AUCKLAND (Pacific Media Watch) Pacific Media Watch contributing editor TJ Aumua won the SPASIFIK Magazine Prize and Storyboard Award for diversity reporting at AUT's School of Communication Studies awards this week.
Aumua also spoke about the issues of negative Pacific stereotypes represented in the media.
“I know when I say the word ‘Pacific’ a lot of us think of the white sand beaches, clear waters, tropical heat and dream holiday destinations," she said.
"But when I say Pacific people or Pacific Islanders, the atmosphere changes. People roll their eyes.”
Aumua said indigenous and minority communities in the world need opportunities and platforms to bring their truthful stories and human rights issues to the forefront.
The Sepik traditional storyboard was donated by Pacific Media Centre director Professor David Robie a decade ago to encourage better diversity journalism.
Fellow AUT Communications Studies graduate Joshua Iosefo was awarded the MediaWorks Award for television and screen production graduate of the year.
The trailer of his short film Forgotten Dawn Children, which pays tribute to people who suffered in the raids on the homes of alleged Pacific Island overstayers in the 1970s was screened.
He thanked his grandparents, and honoured the conflict they endured during the time of the raids.
Iosefo, also a passionate advocate for the Pacific community, and well known for his speeches on youth empowerment, is furthering his study in a Postgraduate Diploma in Communication Studies at AUT.

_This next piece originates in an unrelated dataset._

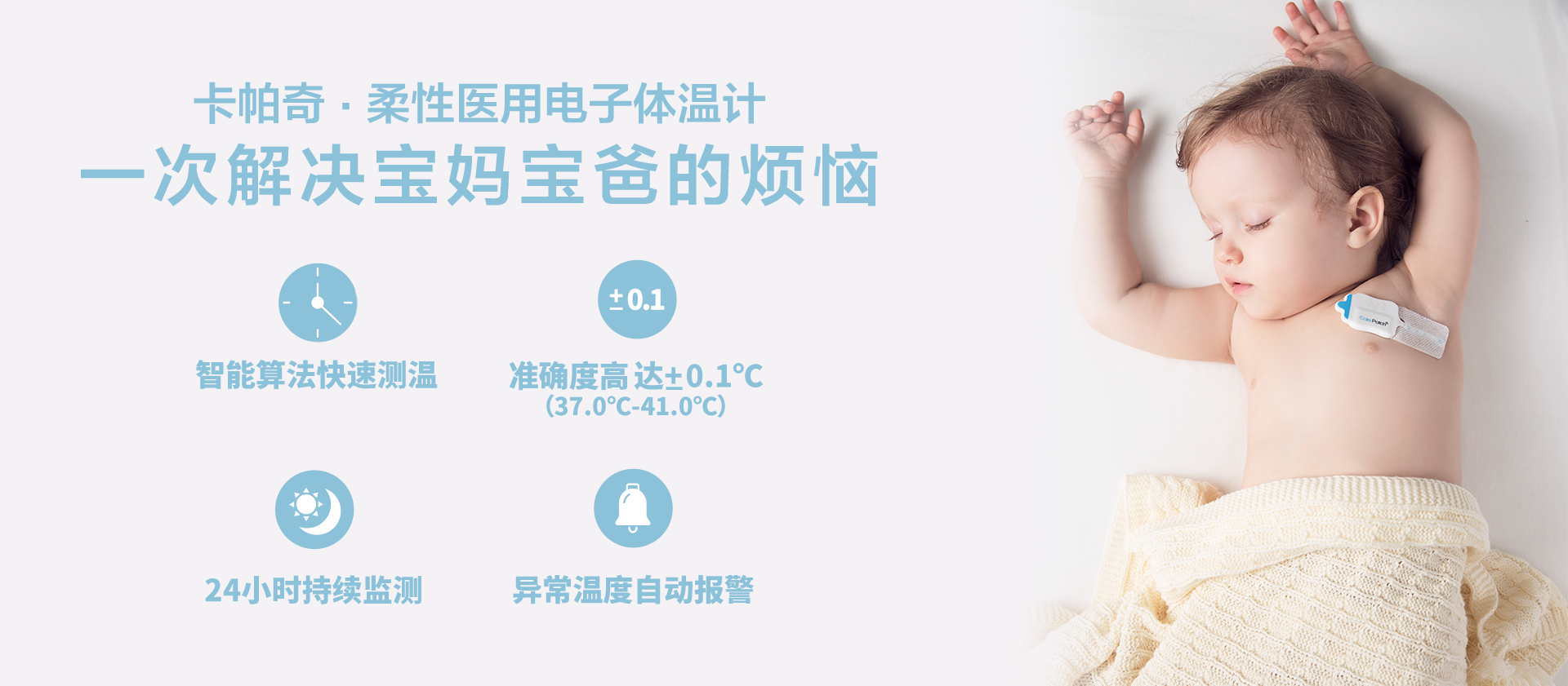 CarePatch(卡帕奇)體溫貼是專為有連續(xù)體溫監(jiān)測(cè)需求人群設(shè)計(jì)的柔性體溫監(jiān)測(cè)設(shè)備,快速測(cè)溫,7*24小時(shí)連續(xù)監(jiān)測(cè)和記錄腋下溫度,支持高溫報(bào)警、遠(yuǎn)程分享等功能,可無(wú)線充電,重復(fù)使用。

Niklas Pedersen of the Danish School of Media and Journalism, on an exchange programme with AUT last year, was also awarded the annual Radio New Zealand International Prize for the top student in the postgraduate Asia-Pacific Journalism Studies course.
He reported from Fiji on climate change and other issues on a two-week assignment last September.
Pedersen was not able to attend from Denmark and TJ Aumua accepted the award on his behalf.